My cousin talked him into selling the house that he and my aunt had built together about twenty five years before. It was very hard to part with the home they built together. He was going to move into an apartment, but at the last moment, my cousin and he saw a new house for sale, that was close to his business. She helped him buy furniture and a flat screen television. He had not watched television for years because of his religion. He got back into watching the news and history channel and religious programs when my aunt was in the nursing home. He was like a kid with a new toy but still grieved horribly for my aunt.
One day he called my cousin who was living in Texas and told her that he reconnected with a lady from a church that he and my aunt went to forty years previously. She played piano and his church was looking for new music. Her husband had died about seven years previously. He said he just wanted someone to go out to dinner with and spend time with. We were happy for them but had no idea how it would turn out. They were both almost eighty-seven years old.
They were like love-birds and spent as much time together as they could. They both had one child each, she a son, he a daughter. They had the same birthday although her son was a couple of years older. She had a house that her father built for her when she got married to her first husband. She was content there.
The other fly in the ointment was that they were both very busy people. They both still worked! They were in their middle eighties and both had their own family businesses. She worked for her son who took over the family business and he had his own business.
The clash in their relationship came when they neither wanted to leave their respective churches. She went to her Baptist church that she had attended for many years and he went to his which was a Pentacostal. They decided to remain friends but nothing more. He was broken hearted, but felt that his religion was the only way. She didn’t want to leave her church and didn’t like the extreme of his.

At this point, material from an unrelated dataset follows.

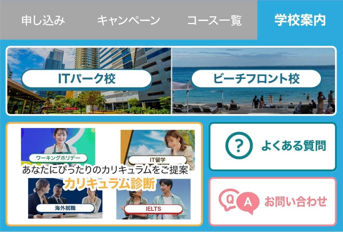 ITパーク校とビーチフロント校、それぞれの校舎の特徴や雰囲気を写真や動画で確認できます。 -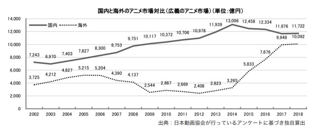 Le marché japonais et le marché d'outre-mer ont connu une légère croissance en 2018. Le marché de l'animation japonais a connu une croissance pour la première fois depuis 2014. Parallèlement, le même marché, à l'étranger, a dépassé la barre du billion de yens pour la première fois, bien que la croissance sur le marché d'outre-mer ait ralenti après une hausse plus soutenue au cours des dernières années. Pour illustrer nos propos, voici le graphique, avec le marché intérieur représenté par la ligne continue et le marché étranger par la ligne pointillée :

Before too long they realized that they did not want to be apart. They would find a new church together. They planned to marry. When he took her to a jewelry store and bought her a diamond, the employees were so impressed that they had a big write up in our own local paper, “The Truth,” for Valentines’ Day. They prepared for their wedding. They moved the wedding date up because neither wanted to wait any longer to “be together,”and it was not proper to “be together” without being married.
They got married in her house, where they decided they would live. Her son and daughter-in-law stood up with her. His daughter and ninety-three year old brother and his girlfriend stood up with him. It was such a beautiful refreshing thing to see, two people who you would have thought had pretty much lived their lives, were beginning a new one together.
I have never seen my uncle happier. He is still in love and she loves him as much as he loves her. I am so happy for them both and we eagerly accepted her and her family into ours.
If you ever think that it is too late for you to find true love or your life is over, you should see more relationships like theirs. They are both still working and they have been married now for almost two years. They are both going to be ninety in the next two months, and still work part time. They love their life together. They still maintain their own home and go to church, out to eat and with their family and friends. It is never too late to find true love, again, or for the first time!